Изложенная в ней история кажется нам слишком противоречивой, маловероятной, извращающей нашу историю. Даже фантастика должна придерживаться правды. Тем не менее мы с удовольствием примем к рассмотрению другие Ваши опыты в этом роде.
Рукопись „1937” Вы можете забрать в редакции с 12 до 17 часов в любой день, кроме субботы, воскресенья и понедельника.
Редактор Иванов Н. М.”.
Видит бог, я никогда не посылала никаких рукописей в “Фантастику и реальность”. Я даже не знала о существовании такого журнала. Больше того, я никогда не писала никаких рукописей. Я вообще не любила фантастику.
– Плохие новости? – спросил сидевший напротив меня мужчина.
Электричку покачивало на стрелках. Я сложила письмо.
– Не переживай, – сказал мужчина.
Из тучи вышло солнце и позолотило его небритую щеку.
– Не буду, – сказала я.
Он улыбнулся:
– Весна скоро.
Редакция находилась в самом центре. Во дворах Никольской улицы. Один двор переходил в другой. Я шла из арки в арку. И точно – пахло весной. Впервые за этот март. В верхних окнах отражалось солнце.

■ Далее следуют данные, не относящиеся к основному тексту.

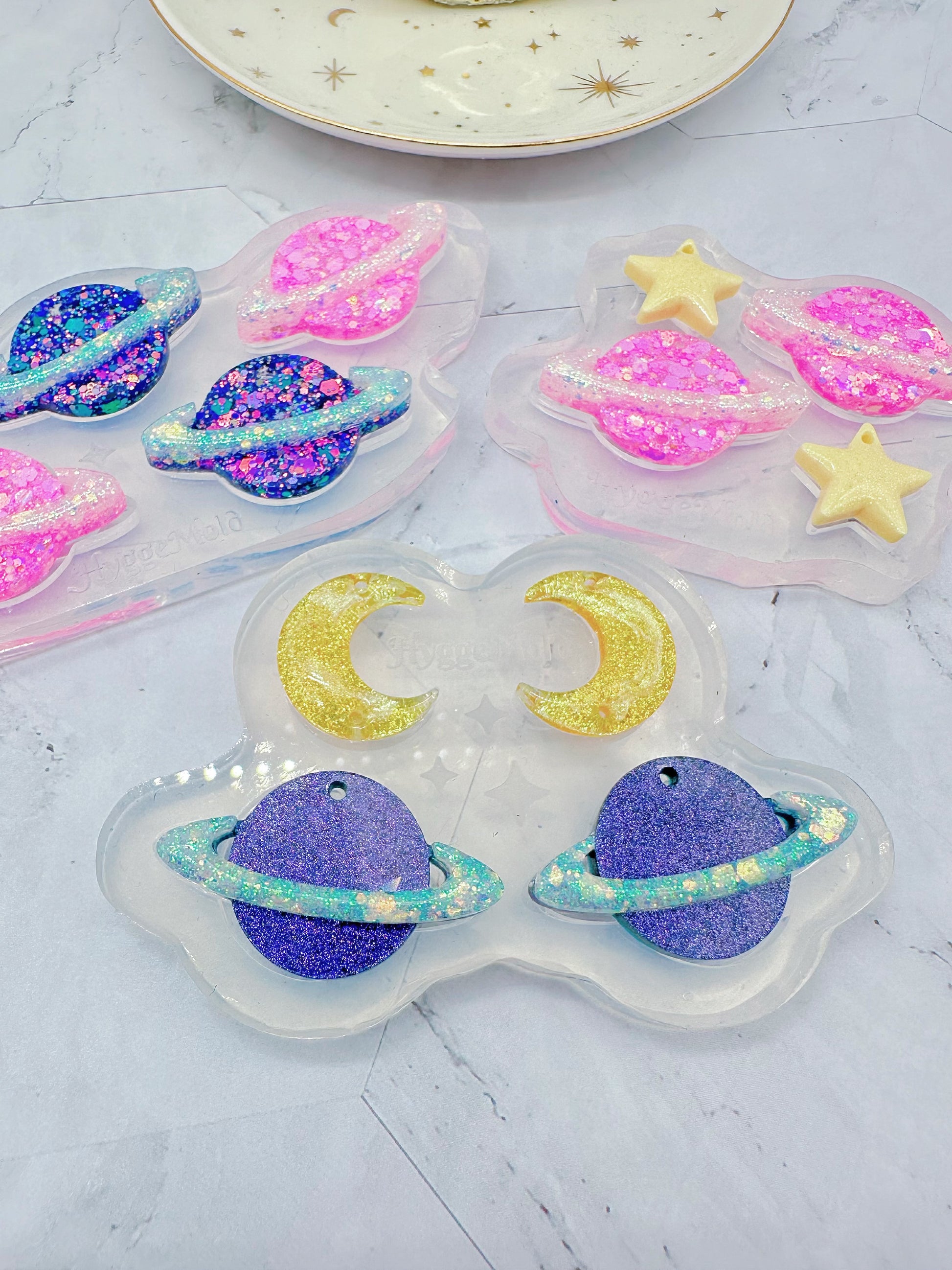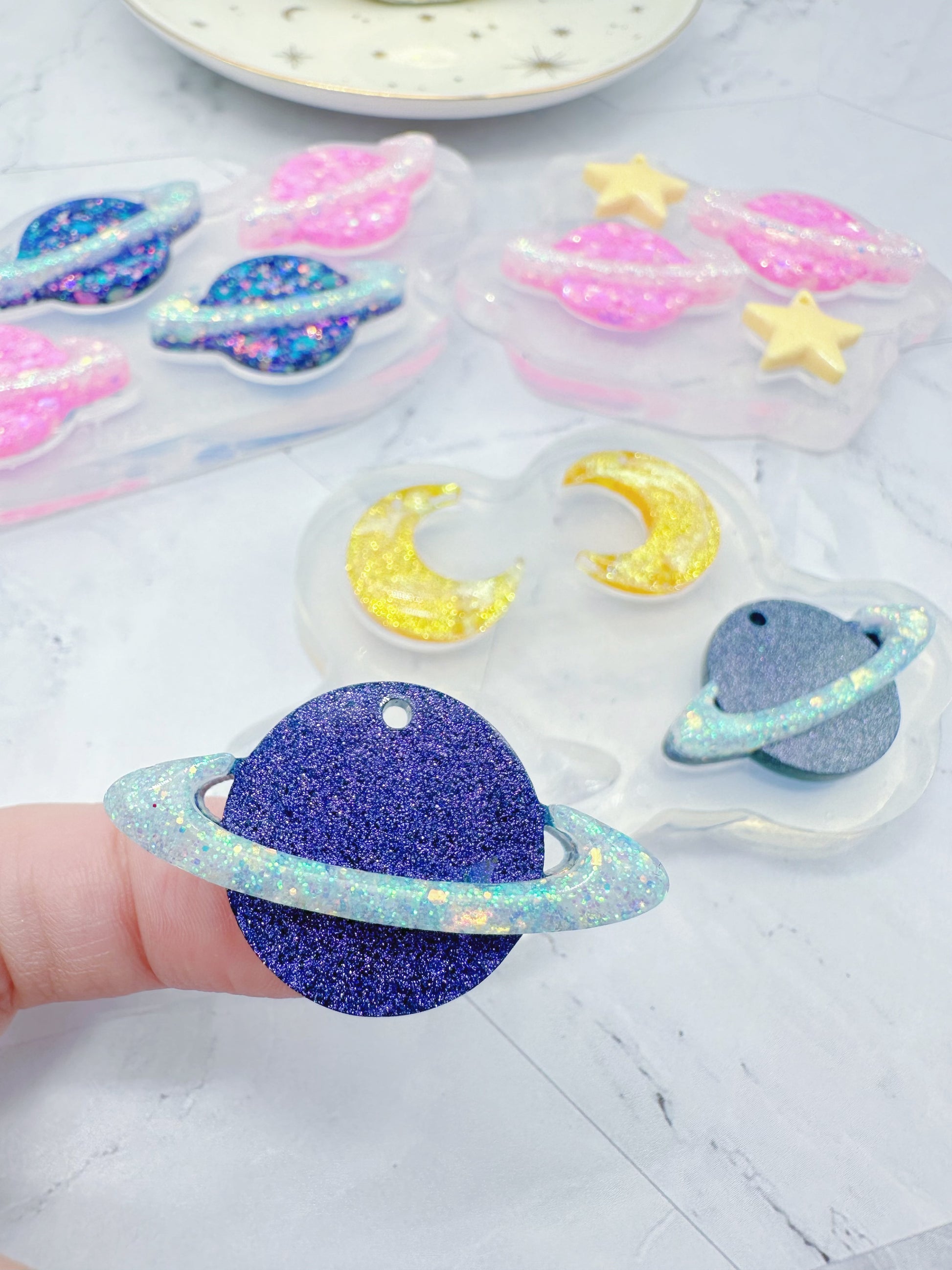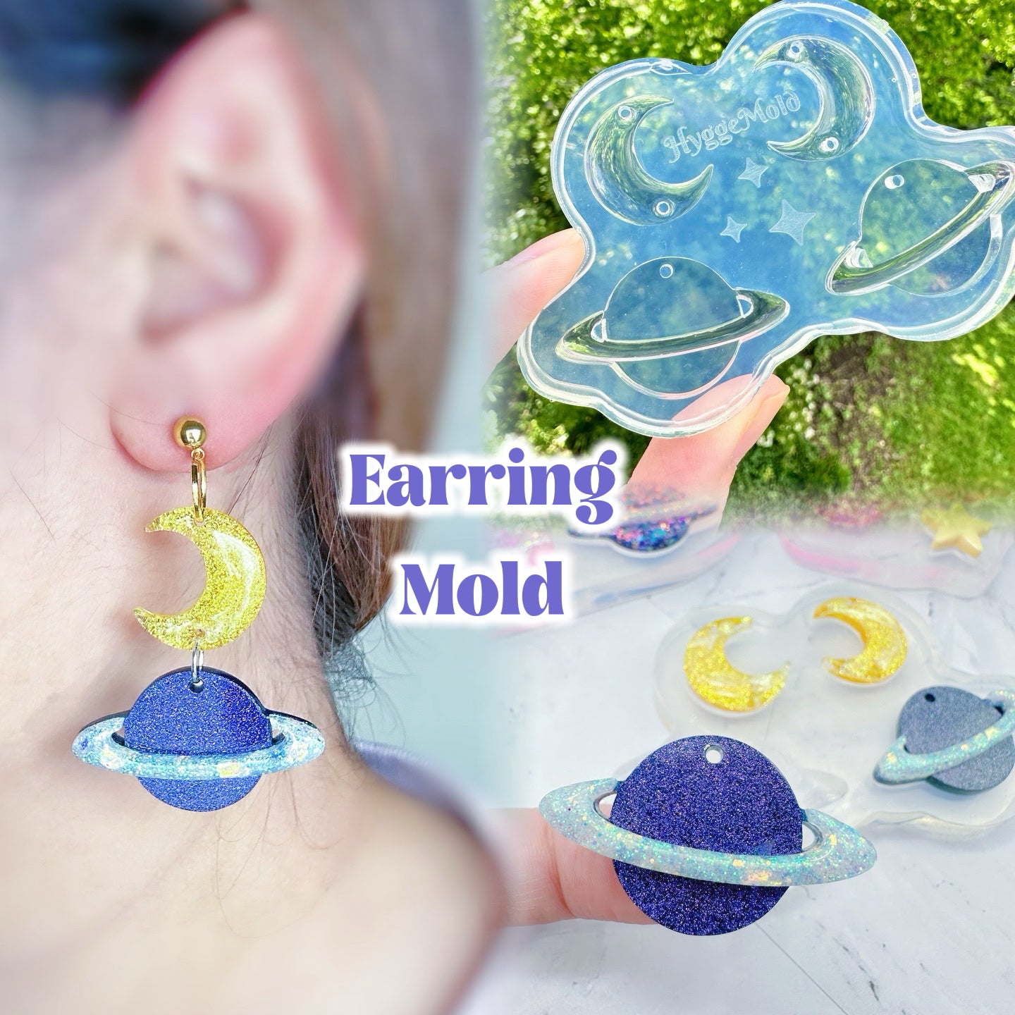 Saturn Planet and Moon Dangle Earring Mold Spaceship Space travel

Голуби ворковали. Мальчишка стоял на припеке зажмурившись, стянув шапку и распахнув старенькое пальтецо, из которого вырос за эту зиму.
В редакции было темно, сыро. Гулко отдавались шаги. Отсюда зима не уходила. В кабинете, где сидел Иванов Н. М., бумаги на подоконнике единственного окна загородили свет. Бумаги были на всех трех столах.
В шкафу не закрывались из-за бумаг дверцы. На верху шкафа стоял большой пузатый самовар, пыльный и страшный.
Иванов поднял голову, поправил очки, докрасна натершие переносицу.
Я протянула ему письмо.
– Да, – сказал Иванов, – я помню ваш рассказ. Это о многом говорит.
Он посмотрел на меня из-под очков.
– Значит, он недурен, ваш рассказ. Но есть крупные недостатки.
В основном идеологические.
Искал он рукопись долго. Сначала в шкафу. Потом на столах. Потом на подоконнике. И снова в шкафу. Он так энергично перетряхивал бумаги, что самовар наверху угрожающе качался. Наконец Иванов встал и отряхнул пыль с колен. В руке у него была толстая коленкоровая тетрадь.
– Прошу.
Я открыла тетрадь. Она была исписана крупным, твердым почерком. Без помарок.
– Вам по почте она пришла или кто-то принес? – спросила я.
– Не помню, – удивился Иванов. – А вы сами не помните разве?
– Это без моего ведома отправили.
– У нас есть журнал регистрации, могу посмотреть.
– Если нетрудно.
– Бывает, бывает, – говорил он, листая журнал. – Бывает… А! Вот он.
Попался, голубчик. Ваш рассказ. Пришел по почте.
– Можно взглянуть?
Отправлена рукопись была 23 ноября, то есть в тот же день, когда гардеробщик составил свое завещание. Отправлена от моего имени. И обратным адресом указан мой дачный адрес, но в скобках дан адрес и общежитский. Все предусмотрел Серафим Иванович.
Никуда меня не вызывали, так что я так и не узнал, к какому ведомству принадлежал этот человек.
Он постучал в мою будку, когда кончился последний сеанс. Постучал и тут же открыл обитую железом дверь.
Я укладывал в шкаф коробки с пленкой. Он вошел. В нем сразу виден был человек, облеченный властью.
Он был в гражданском костюме, легком, летнем. Аккуратный, гладко выбритый.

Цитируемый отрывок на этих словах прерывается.